Finn soulève l’hypothèse que Wonder Woman était destinée à plus qu’une propagande épisodique comparativement à sa contemporaine à la chemise bleue qui, comme les femmes ayant travaillé dans les usines d’armements, sont retournées à leur rôle traditionnel au foyer. Selon l’auteure, le fait que DC Comics ait mentionné dans son communiqué de presse que la bande dessinée Wonder Woman était destinée aux enfants, qui ne participent pas directement à l’effort de guerre, est un indice qu’on voulait la faire traverser les époques, qu’elle se collerait davantage au féminisme qu’au patriotisme. La réécriture du costume chez la Wonder Woman de Patty Jenkins en 2017 entre ici en cohérence avec l’hypothèse de Finn. Le patriotisme est complètement revisité dans le design du costume. Les couleurs de base, le rouge, le bleu et le doré, sont encore présentes, mais beaucoup moins éclatantes que dans la bande dessinée originale, ce qui éloigne déjà les ressemblances avec le drapeau américain. La robe, qui s’est transformée en combinaison puis en armure au cours des décennies, a été dépouillée de ses étoiles tout comme les bracelets et la tiare. Il y a encore une fois une volonté de s’éloigner du drapeau américain. Le tout est remplacé par une robe armure d’inspiration gréco-romaine. L’aigle américain qui ornait un décolleté timide pendant les premières décennies d’existence de Wonder Woman est remplacé par une décoration plutôt neutre. Le costume a donc perdu ses symboles évidents des États-Unis.

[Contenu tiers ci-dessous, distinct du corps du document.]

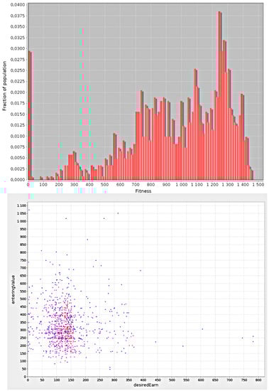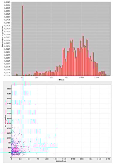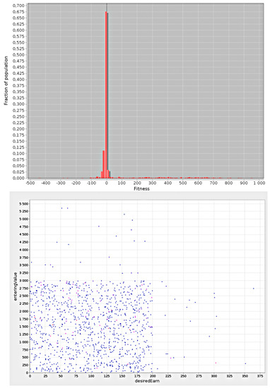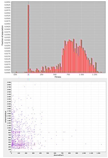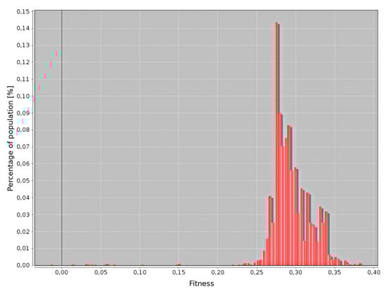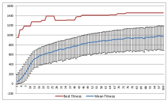 The crossover and mutation operators cause individuals with new solutions encoded within their genotypes to emerge in the population [31,32]. Afterward, an “inspection” of the population is performed, and the “worst” (with the lowest fitness value) individuals are removed. The individuals with the best fitness are selected to form the base population for the next step of the algorithm; the next generation of individuals is established. The rule is generally such that the individuals with the better fitness have a higher chance of being selected for the future generation population. The individuals are selected from the offspring only or the offspring and some part of the population of parents. The latter mechanism is generally better because we do not lose good solutions that are present in the population of parents.
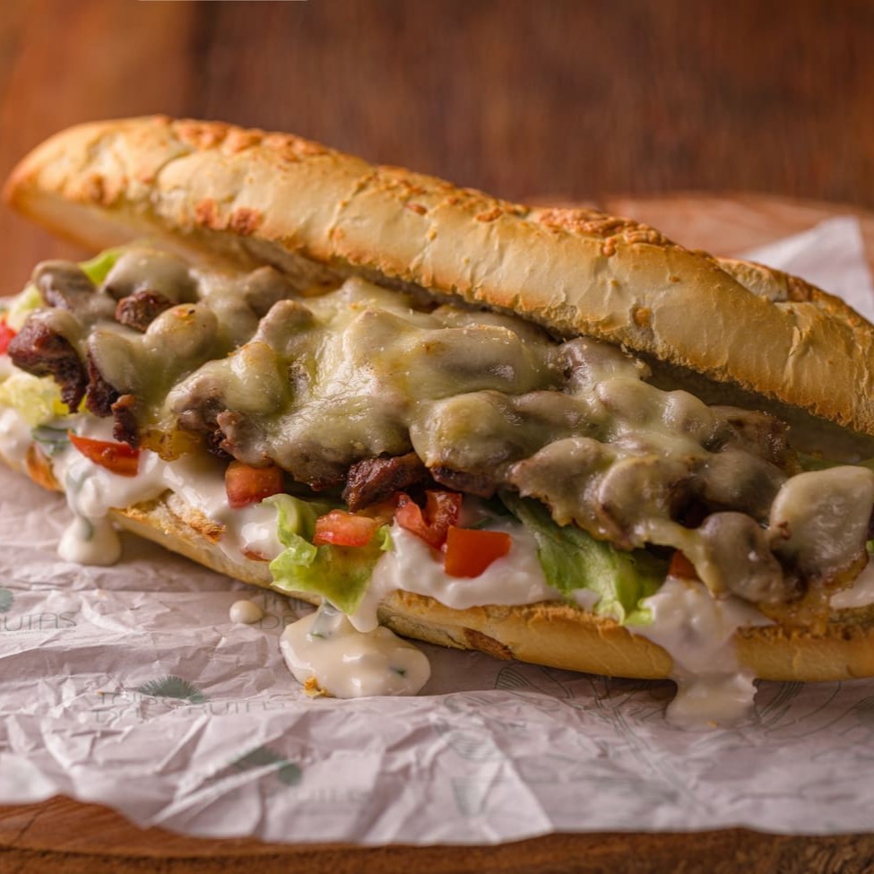 Pão baguete recheado com cubos de mignon ao molho barbecue, que traz um toque defumado, alface americana, queijo mussarela e cebola crispies, criando uma combinação irresistível.

Sans affirmer que le patriotisme est absent du film, les changements de design nous indiquent que le costume est plus de l’ordre d’une armure de soldat grec. La seconde partie de l’analyse montre qu’il y a bien des convergences vers «  l’agenda féministe de Marston  », tel que décrit par Finn dans son essai.

 

De Superhéros à guerrière 


Cette déviation des signes patriotiques américains laisse donc place à une réécriture du personnage. En 2017, le costume n’est plus de l’ordre du superhéros, mais plutôt du guerrier, teinté de la mythologie et des designs de la Grèce antique. (c.f Figure 2)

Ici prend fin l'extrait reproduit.